Considering blank liposomes, microbubbles, and drug might cause cytotoxic action, experiments were designed to investigate their influence on cell viability. Both blank liposomes and microbubble suspension were used at five levels—3%, 6%, 12%, 25%, and 50% (vol/vol) concentration in the final volume—with the insulin used at six concentrations—0.02, 0.2, 2, 5, 10, and 20 IU/mL. Cytotoxicities of liposomes, microbubbles, and drug were evaluated with the 3-(4,5-dimethylthiazol-2-yl)-2,5-diphenyl-2H-tetrazolium bromide (MTT) assay as in our previous study.²⁸ A549 cell suspension (100 μL, 0.5 × 10⁴ cells per well) was seeded to a 96-well cell culture plate (Costar^®, Corning Inc., Corning, NY) and incubated at 37°C in a CO₂ incubator for 24 h. Various concentrations of liposomes, microbubble suspension, and insulin solution were added to the designated wells, mixed thoroughly, and incubated for 1 day; then 50 μL of MTT solution (5 mg/mL) was added into each well, including the cell-free blank wells. Cells were incubated for 4 h at 100% humidity. After 4 h, MTT solution was removed and replaced with 100 μL of dimethyl sulfoxide. The plate was further oscillated for 10 min at room temperature, and the absorbance (A) of each well was determined using a spectrophotometer (model SMP500-13732-UJRK, MDC, Sunnyvale, CA) at a test wavelength of 550 nm. Cell viability was determined with the following formula: Cell viability (%) = (experimental group A value/control group A value) × 100%.
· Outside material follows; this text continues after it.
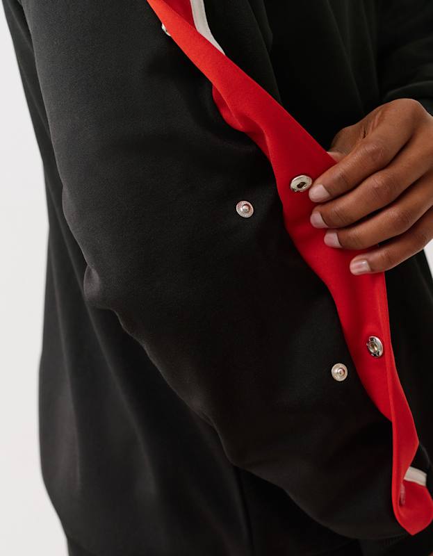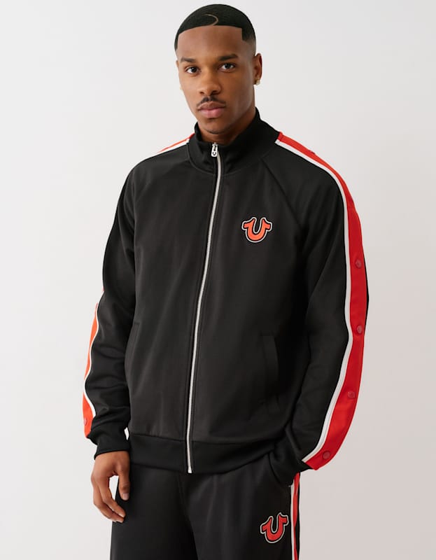 True Religion Snap Off Track Jacket Jet Black Engineered for versatility, this track jacket features a removable snap-off design that transforms your look in seconds. The jet black colorway delivers timeless sophistication, while premium construction ensures durability through seasons of wear. Perfect for layering over casual basics or pairing with track pants for a cohesive streetwear aesthetic. The snap detailing adds functional edge to an essential wardrobe piece that bridges athletic and contemporary style. Elevate your rotation with a jacket that adapts to your lifestyle.

Insulin cellular uptake study

Based on the toxicity study results, an insulin concentration of 2 IU/mL was used in the drug cellular uptake study. Insulin permeation into A549 cells was performed in 24-well cell culture plates (Costar Inc.) in which cell suspension (300 μL, 8 × 10⁵ cells per well) was previously seeded. After cells were incubated for 24 h, 100 μL of 2 IU/mL insulin solution in Dulbecco's modified Eagle's medium, insulin–liposome mixture, and insulin–microbubble mixture was added, respectively. The medium was removed at different intervals (0, 30, 60, 90, 120, 180, and 240 min), and cells were washed four times with phosphate-buffered saline at 4°C. Cells were than resuspended and digested by incubation with 500 μL of 0.1% Triton X-100 overnight at 4°C. This mixture was filtered (pore size, 0.45 μm), and the content of insulin uptake into the cells was determined by electrochemiluminescence immunoassay.

Pulmonary absorption study

Dosage design

For the insulin solution, the insulin injection (40 U/mL, Wangbang BioPharma Corp., Jiangsu, China) was diluted with physiological saline to a concentration of 2 U/mL.
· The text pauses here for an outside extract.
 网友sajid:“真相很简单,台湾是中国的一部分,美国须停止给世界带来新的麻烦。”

For the insulin–liposome mixture solution, the liposome vesicular suspension was mixed with an equal volume of insulin injection (4 U/mL). The insulin–microbubble mixture solution contained the same concentration of insulin as the insulin solution.
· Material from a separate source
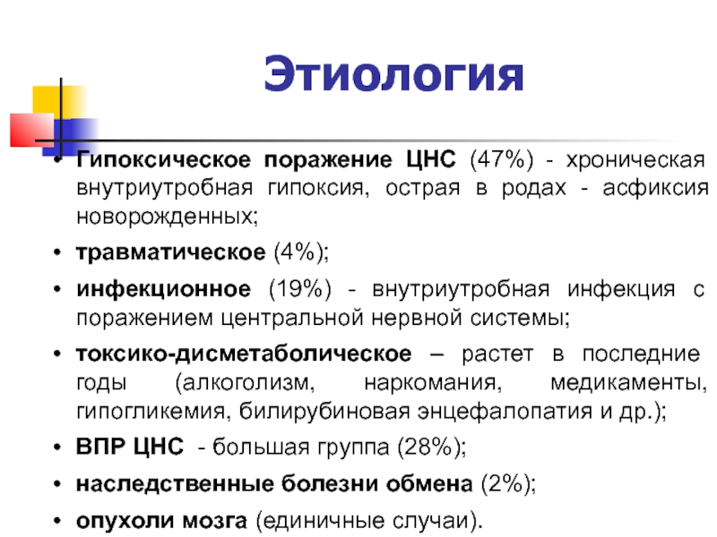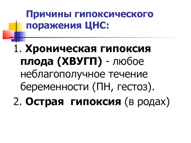 Слайд 10Причины гипоксического поражения ЦНС:

For the insulin–microbubble mixture solution, the microbubble suspension was mixed with an equal volume of insulin injection (4 U/mL). The insulin–microbubble mixture solution contained the same concentration of insulin as the insulin solution.

Animal experiments

Male Sprague–Dawley rats (weighing 200–300 g) (Slac Laboratory Animal Corp., Shanghai) were kept under a 12-h day–night cycle at 20°C and a relative humidity of 50% for 7 days. The animals were fasted but allowed free access to water for 12 h prior to each experiment. The insulin solution, insulin–liposome mixture, or insulin–microbubble mixture were administered by the modified Schanker's intratracheal instillation.²⁹ Following anesthesia with intraperitoneal injection of 350 mg/kg chloral hydrate, rats were placed in a supine position on a surgical board. With the animal hanging from the upper incisors, the trachea was subjected to a incision longitudinal along the ventral aspect of the neck. A needle was gently inserted into the exposed trachea between the fifth and sixth tracheal rings. Then the needle was removed, and a tube was inserted smoothly and rapidly until slight resistance was felt. After 200–300 μL of treated solution followed by an equal volume of air was administered to the lung at the vertical through a pipette directly into the tube, the tube was removed immediately, and rats were held gently upright (vertical) by holding their anterior paws and moving them gently. The incision in the skin was sutured with a sterile 4/0 silk suture and swabbed with betadine solution. For evaluating the effect of penetration on insulin pulmonary absorption, insulin doses were 2 IU/kg of body weight, and the doses of liposomes and microbubbles were 25% (vol/vol). The glucose concentrations of blood samples withdrawn from the tail vein at appropriate intervals were measured with the Pro doctor^® blood glucose monitoring system (HMD BioMedical Inc., Chunghwa, Hsinchu, Taiwan). The bioavailability of pulmonary administered insulin was calculated relative to that by the subcutaneous route. In brief, an insulin solution for subcutaneous injection (1 U/kg) was given on the nape of the neck of normal rats in the pulmonary absorption study. These animal experiments were approved by the ethical committee for treatment of laboratory animals of Wenzhou Medical College.

Data analysis

To estimate the effect of insulin pulmonary absorption, the blood glucose concentration was measured with the Pro doctor blood glucose monitoring system at the indicated time intervals. The percentage minimum reduction of the blood glucose concentration (% MRBG) at the time of maximum glucose reduction was derived directly from the each group blood glucose level. The percentage blood glucose level (BG %) was calculated as BG % = (BG_t/BG₀) × 100%. BG₀ was the fasting blood glucose level at zero-time, and BG_t was the blood glucose level at any time t.³⁰ The decrease in the blood glucose concentration (D%) was calculated by the method of Leng and Kong³¹ with the following equation: %D_x _h = (BG₀ − BG_t)/BG₀ × 100%.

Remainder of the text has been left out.